Stress Eating and How to Overcome It

empty chocolate papers in an empty box of chocolates
Derin Thorpe/Photolibrary/Getty Images

Stress eating is consuming food in response to your feelings, especially when you are not hungry. Stress eating is also sometimes called emotional eating. Emotional eating means that your emotions — not your body — dictate when and how much you eat.

Why Does Stress Eating Happen?

Some stress eaters binge when they are sad or confused.  For others, eating can be a way of avoiding thinking about problems or taking the action required to solve them.

So why do we eat when we are stressed? Because for most of us, food offers comfort. And unfortunately, the least healthy foods usually offer the most comfort. 

If we reached for veggies in times of emotional discomfort, we'd be OK. But how many people turn to carrot sticks when they're feeling stressed? It's the high-fat, high-calorie foods we love that make us feel better. The more fattening, sweeter or the saltier the food, the better we seem to feel.

Are You a Stress Eater?

You are an emotional eater if you answer yes to any of the following questions:

  • Do you ever eat without realizing you're even doing it?
  • Do you often feel guilty or ashamed after eating?
  • Do you often eat alone or at odd locations, such as parked in your car outside your own house?
  • After an unpleasant experience, such as an argument, do you eat even if you aren't feeling hungry?
  • Do you crave specific foods when you're upset, such as always desiring chocolate when you feel depressed?
  • Do you feel the urge to eat in response to outside cues like seeing food advertised on television?
  • Do you eat because you feel there's nothing else to do?
  • Does eating make you feel better when you're down or less focused on problems when you're worried about something?

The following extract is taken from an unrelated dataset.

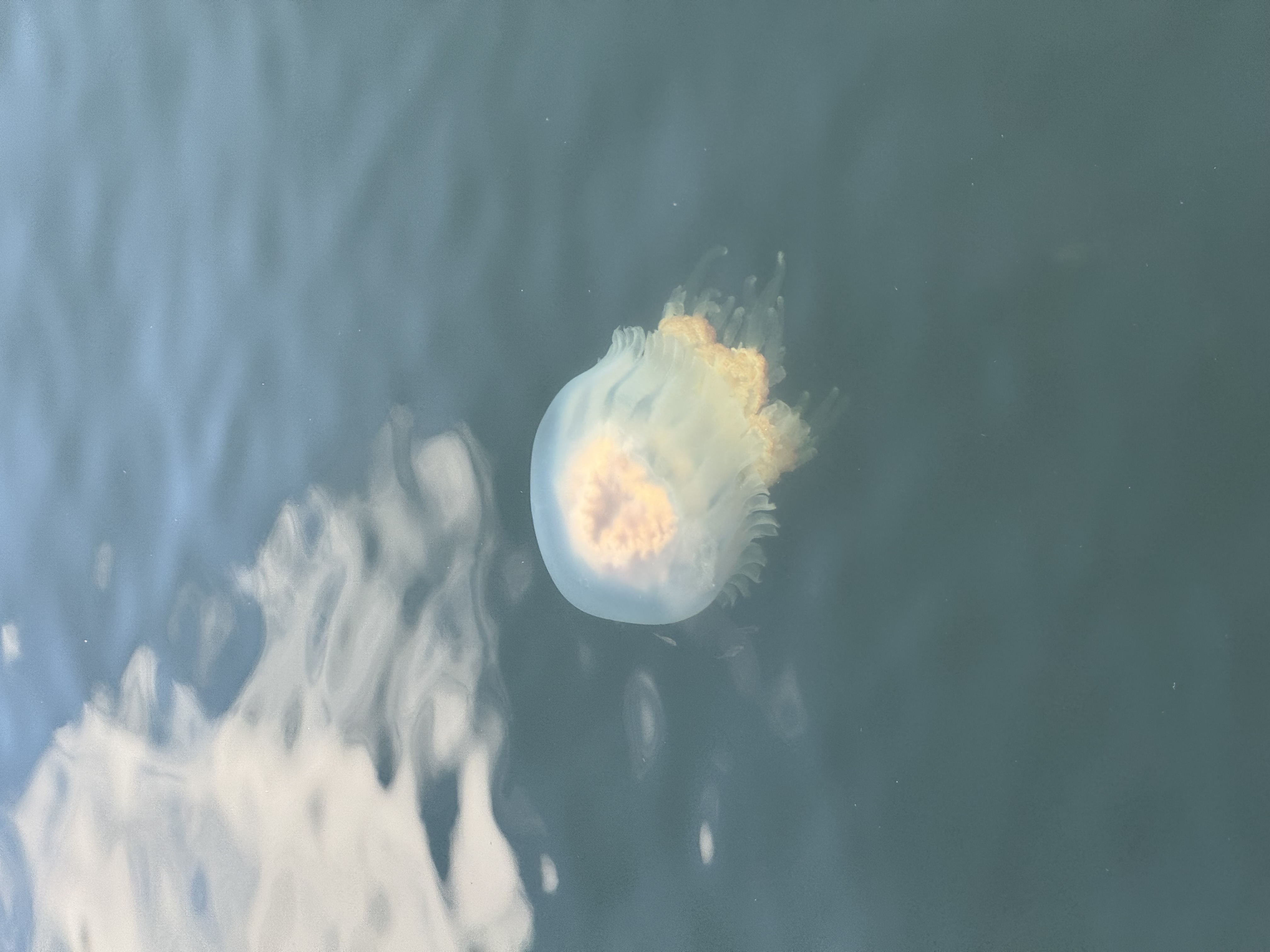 Barrel Jellyfish spotted in Bayboro Harbor, St. Pete Florida. Had several small fish around its bell.

If you eat unusually large quantities of food or you regularly eat until you feel uncomfortable to the point of nausea, you have a problem with binge eating. If you binge eat on a regular basis, please speak to your healthcare professional. But if stress eating is the main problem, you may be able to find a solution on your own.

3 Ways to Stop Stress Eating

There are different ways to control emotional eating and turn your stress into a more positive experience. But all three methods require you to examine and change your habits. So you need to be committed if you want to stop stress eating for good.

  1. Find the source of stress. Many people have stress triggers that cause them to eat. Perhaps there are relationship issues that cause pain. Or perhaps family or work stress has gotten out of control. If you can identify your triggers, then you can take active steps to tackle stress before it gets out of control.
  2. Find new ways to relieve stress. Once you know what causes you to eat more, set up healthy systems to avoid eating in those situations. Learn healthy ways to relax and reward yourself. For example, if your work environment is stressful. Identify one friend who can walk with you during your lunch hour to avoid excess calories and promote healthy activity.
  3. Get help for emotional stress. If your own methods don't stop stress eating, don't be afraid to ask for help. Many social workers and psychologists are trained specifically to deal with emotional eaters and find solutions to curb the habit.

One thing that usually does not help control stress eating is waiting and hoping that it will change. Take active steps today to tackle emotional eating and find new healthy habits to manage stress.